Athenian honey puffs — crispy, light, golden. The oldest street food in Athens, sold at the same stands for generations.
Ingredients
— 2 cups all-purpose flour
— 1 tsp instant yeast
— 1 tsp sugar
— 1 cup warm water
— Pinch of salt
— ½ cup honey, warmed
— 1 tsp cinnamon
— 2 tbsp crushed walnuts (optional)
— Vegetable oil for deep frying
Prep
— Mix flour, yeast, sugar, and salt.
— Add warm water, stir to a wet, sticky batter.

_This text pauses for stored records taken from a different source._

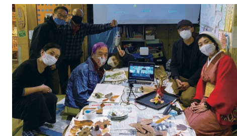
2020カマハン庭に落ちていた葉で作品をつくる。

follow-up to last year's activities around food loss and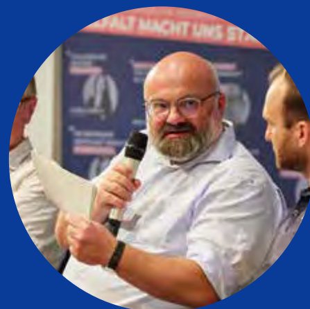
Sascha Thümmler Die Grünen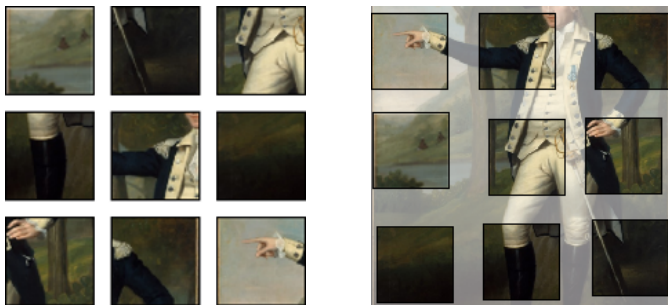
FIGURE 1 – Exemple de puzzle à 9 pièces. À partir d'un jeu de fragment (à gauche), l'algorithme prédit un réassemblage global. Pour faciliter la compréhension du résultat, nous affichons en transparence l'image originale et plaçons précisément les fragments d'après les positions relatives prédites (à droite)

Les méthodes d'apprentissage profond ont rencontré un franc succès pour la résolution de problèmes de vision par ordinateur classiques. Elles sont peu à peu appliquées à des tâches moins usuelles, comme la résolution automatique de puzzles (Figure 1). La plupart des travaux se concentrent sur les problèmes à 9 pièces. On utilise alors un réseau de neurones pour prédire un réassemblage imprécis, complété par la suite.

— Cover and rest 1 hour until doubled and bubbly.
Method
— Pour oil to 5cm depth.
— Heat to 175°C / 350°F.
— Use two wet spoons to drop small rounds of batter.
— Fry in batches of 8–10.
— Cook 3–4 minutes, turning to brown evenly.
— You're looking for:
— Deep golden all over
— Puffed and hollow-sounding
— Remove and drain briefly.
— Pile into a bowl.
— Drizzle warm honey immediately.
— Dust with cinnamon.
— Scatter walnuts if using.
— Eat immediately.
Chef's Note: The batter must be fully proofed — bubbles on the surface and doubled in size. Under-proofed batter makes dense, doughy loukoumades.